--- Source information ---

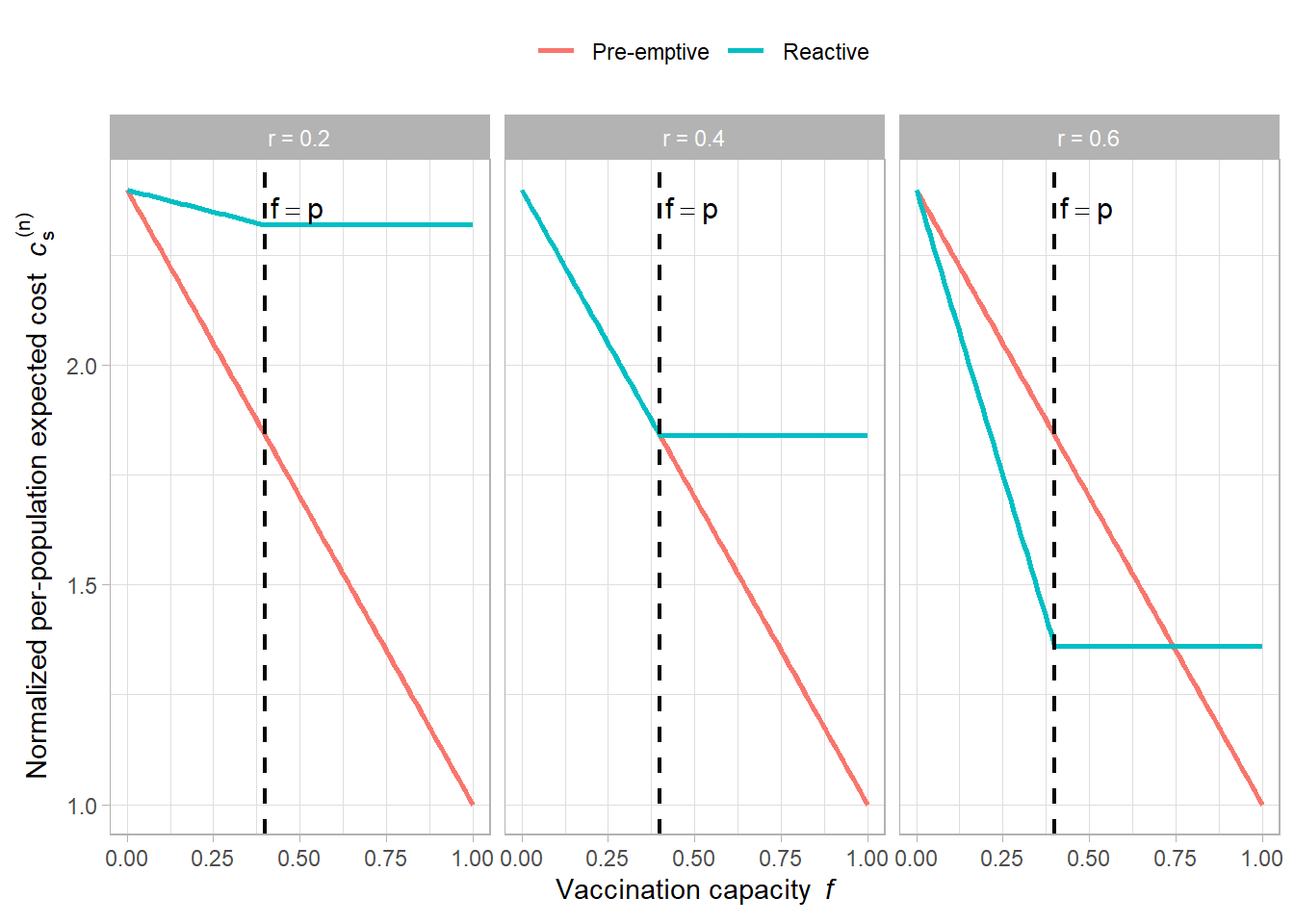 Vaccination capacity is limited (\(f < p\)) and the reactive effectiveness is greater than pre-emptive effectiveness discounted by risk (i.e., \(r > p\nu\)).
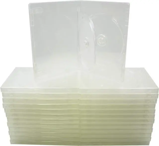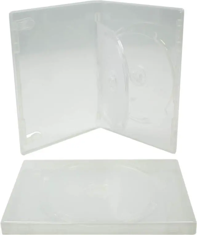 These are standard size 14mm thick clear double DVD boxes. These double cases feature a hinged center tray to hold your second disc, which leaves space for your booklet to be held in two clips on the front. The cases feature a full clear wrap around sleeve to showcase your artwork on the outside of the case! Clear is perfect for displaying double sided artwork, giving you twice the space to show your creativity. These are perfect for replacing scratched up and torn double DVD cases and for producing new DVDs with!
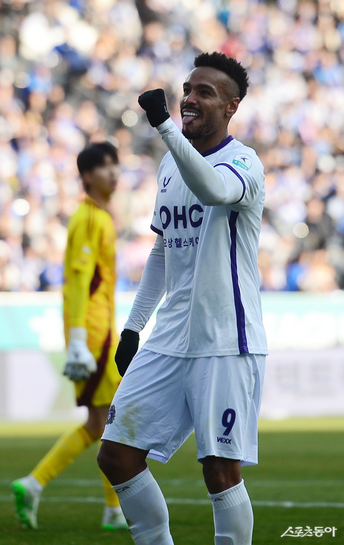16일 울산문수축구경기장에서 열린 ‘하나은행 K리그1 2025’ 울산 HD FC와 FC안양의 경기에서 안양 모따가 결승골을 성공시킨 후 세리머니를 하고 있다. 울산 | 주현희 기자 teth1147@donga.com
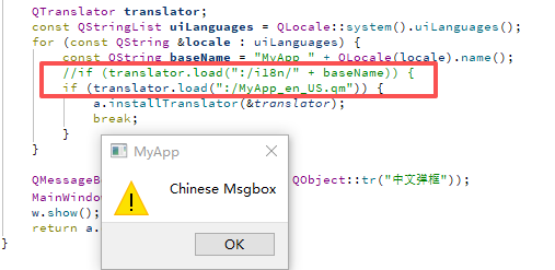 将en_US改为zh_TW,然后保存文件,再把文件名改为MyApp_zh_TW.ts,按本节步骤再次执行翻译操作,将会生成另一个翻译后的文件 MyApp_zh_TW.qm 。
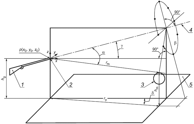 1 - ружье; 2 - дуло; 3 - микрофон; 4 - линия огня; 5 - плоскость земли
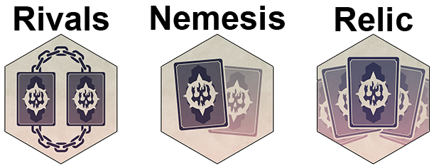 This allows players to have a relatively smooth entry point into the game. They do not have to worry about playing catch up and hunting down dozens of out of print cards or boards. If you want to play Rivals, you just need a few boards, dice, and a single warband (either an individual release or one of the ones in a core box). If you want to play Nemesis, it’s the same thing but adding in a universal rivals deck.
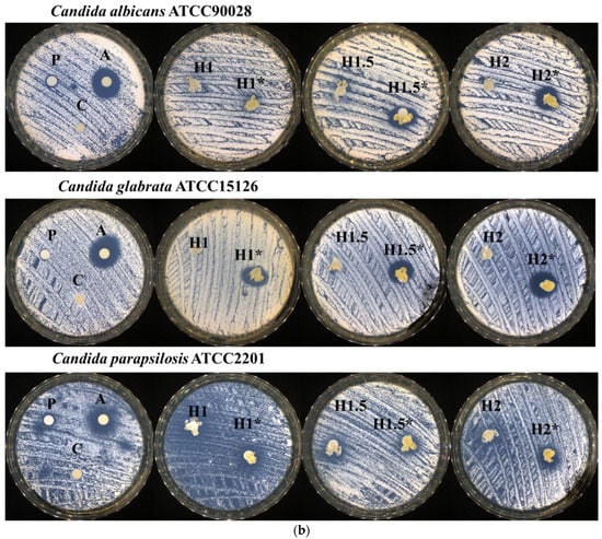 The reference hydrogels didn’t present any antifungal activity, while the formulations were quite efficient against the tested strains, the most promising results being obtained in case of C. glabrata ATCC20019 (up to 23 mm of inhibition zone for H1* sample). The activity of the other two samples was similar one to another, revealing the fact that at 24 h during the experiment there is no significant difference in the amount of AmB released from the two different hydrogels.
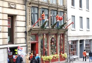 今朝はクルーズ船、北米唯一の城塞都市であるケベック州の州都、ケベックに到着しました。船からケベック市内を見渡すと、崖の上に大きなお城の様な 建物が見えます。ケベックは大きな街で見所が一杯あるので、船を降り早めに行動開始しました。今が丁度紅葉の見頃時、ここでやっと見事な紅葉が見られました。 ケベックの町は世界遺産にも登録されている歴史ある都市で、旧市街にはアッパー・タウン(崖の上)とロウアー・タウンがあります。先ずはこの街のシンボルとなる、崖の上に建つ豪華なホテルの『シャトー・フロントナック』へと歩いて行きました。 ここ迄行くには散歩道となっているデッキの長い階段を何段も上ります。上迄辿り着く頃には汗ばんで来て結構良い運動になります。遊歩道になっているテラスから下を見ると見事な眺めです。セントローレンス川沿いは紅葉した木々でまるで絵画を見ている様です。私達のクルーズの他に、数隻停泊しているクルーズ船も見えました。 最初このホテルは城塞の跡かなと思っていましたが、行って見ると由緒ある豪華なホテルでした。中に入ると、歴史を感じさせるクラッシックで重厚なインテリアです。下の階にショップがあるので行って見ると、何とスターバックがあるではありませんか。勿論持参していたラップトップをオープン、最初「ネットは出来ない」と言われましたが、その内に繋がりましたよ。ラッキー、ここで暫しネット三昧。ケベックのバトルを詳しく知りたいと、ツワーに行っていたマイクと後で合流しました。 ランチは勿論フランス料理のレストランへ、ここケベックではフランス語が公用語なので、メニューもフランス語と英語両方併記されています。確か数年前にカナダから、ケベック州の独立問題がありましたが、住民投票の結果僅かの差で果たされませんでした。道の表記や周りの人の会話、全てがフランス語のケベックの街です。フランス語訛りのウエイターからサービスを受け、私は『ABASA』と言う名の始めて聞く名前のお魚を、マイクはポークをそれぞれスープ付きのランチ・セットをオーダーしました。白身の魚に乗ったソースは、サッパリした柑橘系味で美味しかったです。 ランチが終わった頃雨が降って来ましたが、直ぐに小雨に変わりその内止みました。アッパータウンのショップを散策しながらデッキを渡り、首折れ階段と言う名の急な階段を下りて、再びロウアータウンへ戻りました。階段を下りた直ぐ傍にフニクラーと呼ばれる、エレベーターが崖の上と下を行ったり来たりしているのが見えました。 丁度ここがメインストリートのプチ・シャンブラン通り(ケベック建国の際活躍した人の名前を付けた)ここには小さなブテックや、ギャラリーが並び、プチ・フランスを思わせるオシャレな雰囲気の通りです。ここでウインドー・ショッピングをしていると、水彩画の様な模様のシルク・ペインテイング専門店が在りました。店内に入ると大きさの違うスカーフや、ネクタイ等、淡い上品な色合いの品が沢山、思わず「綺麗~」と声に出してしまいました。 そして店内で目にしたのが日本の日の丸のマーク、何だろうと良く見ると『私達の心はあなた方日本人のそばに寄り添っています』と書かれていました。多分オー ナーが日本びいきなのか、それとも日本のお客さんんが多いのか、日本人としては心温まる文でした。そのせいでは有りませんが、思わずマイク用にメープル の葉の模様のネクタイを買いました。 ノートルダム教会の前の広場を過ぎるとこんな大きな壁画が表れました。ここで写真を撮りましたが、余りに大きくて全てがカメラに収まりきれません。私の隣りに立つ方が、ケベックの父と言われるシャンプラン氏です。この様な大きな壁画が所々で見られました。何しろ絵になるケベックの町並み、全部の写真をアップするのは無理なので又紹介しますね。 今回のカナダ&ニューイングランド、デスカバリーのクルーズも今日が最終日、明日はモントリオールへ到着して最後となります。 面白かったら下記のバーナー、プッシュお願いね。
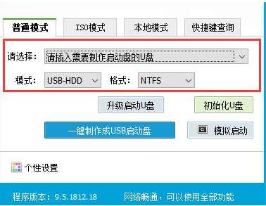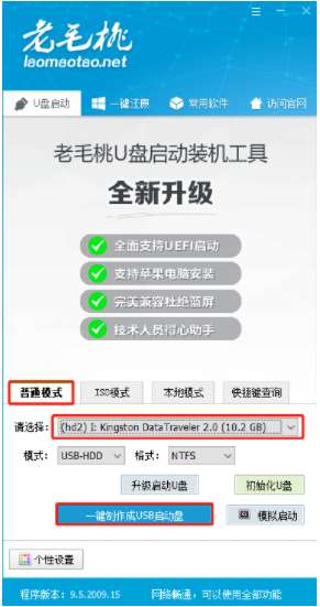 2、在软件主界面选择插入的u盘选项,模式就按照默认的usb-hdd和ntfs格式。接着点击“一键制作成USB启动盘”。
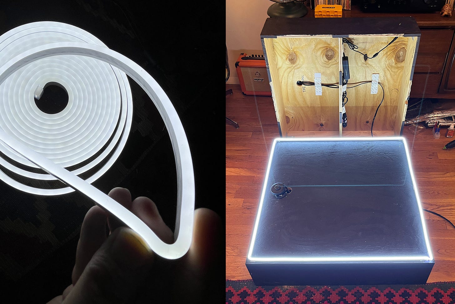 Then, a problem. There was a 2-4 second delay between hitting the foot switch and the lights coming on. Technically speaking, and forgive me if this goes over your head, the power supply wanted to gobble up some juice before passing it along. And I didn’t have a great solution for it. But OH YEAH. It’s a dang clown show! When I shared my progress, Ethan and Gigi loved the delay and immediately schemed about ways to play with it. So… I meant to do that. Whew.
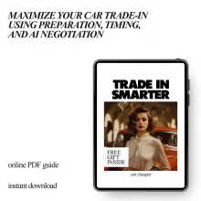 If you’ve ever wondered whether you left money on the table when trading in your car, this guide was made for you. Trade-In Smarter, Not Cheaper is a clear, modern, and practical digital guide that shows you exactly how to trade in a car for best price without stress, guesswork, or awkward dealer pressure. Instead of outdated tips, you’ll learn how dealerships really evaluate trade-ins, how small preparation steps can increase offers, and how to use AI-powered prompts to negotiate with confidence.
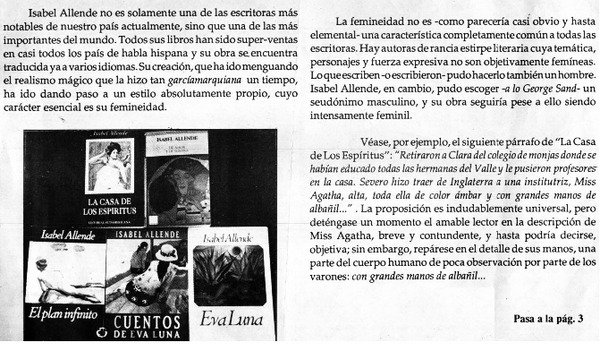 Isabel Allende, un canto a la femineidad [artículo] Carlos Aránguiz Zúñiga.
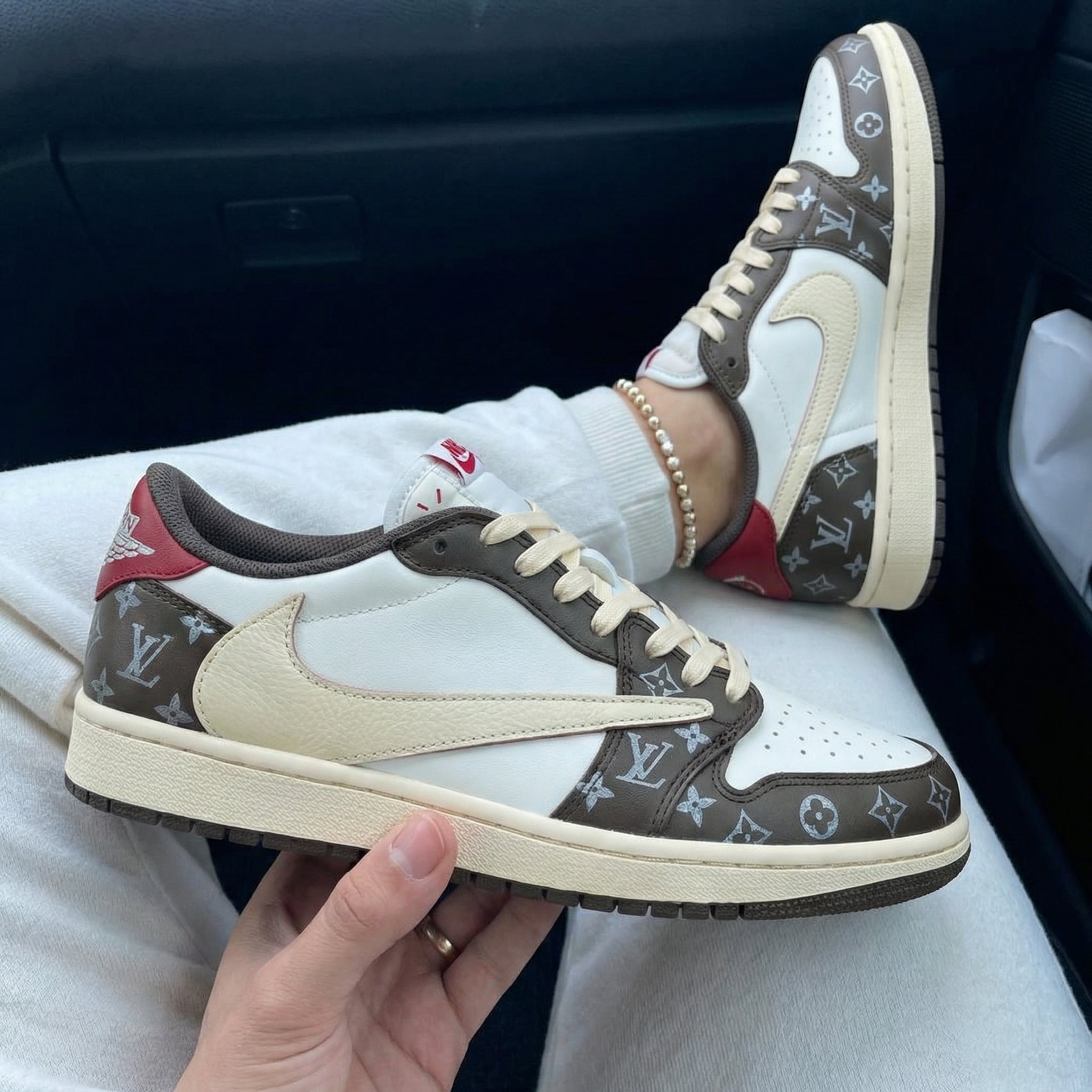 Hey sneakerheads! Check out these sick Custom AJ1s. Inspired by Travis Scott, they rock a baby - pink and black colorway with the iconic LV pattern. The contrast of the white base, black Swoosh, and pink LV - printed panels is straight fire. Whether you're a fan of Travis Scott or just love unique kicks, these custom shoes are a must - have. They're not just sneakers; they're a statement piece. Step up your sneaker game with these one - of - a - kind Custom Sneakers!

---

Within the listing above, write out the stretch from the line with "If you’ve ever" through the line with "Isabel Allende, un" exactly. Any pictures are to be left out.

 If you’ve ever wondered whether you left money on the table when trading in your car, this guide was made for you. Trade-In Smarter, Not Cheaper is a clear, modern, and practical digital guide that shows you exactly how to trade in a car for best price without stress, guesswork, or awkward dealer pressure. Instead of outdated tips, you’ll learn how dealerships really evaluate trade-ins, how small preparation steps can increase offers, and how to use AI-powered prompts to negotiate with confidence.
 Isabel Allende, un canto a la femineidad [artículo] Carlos Aránguiz Zúñiga.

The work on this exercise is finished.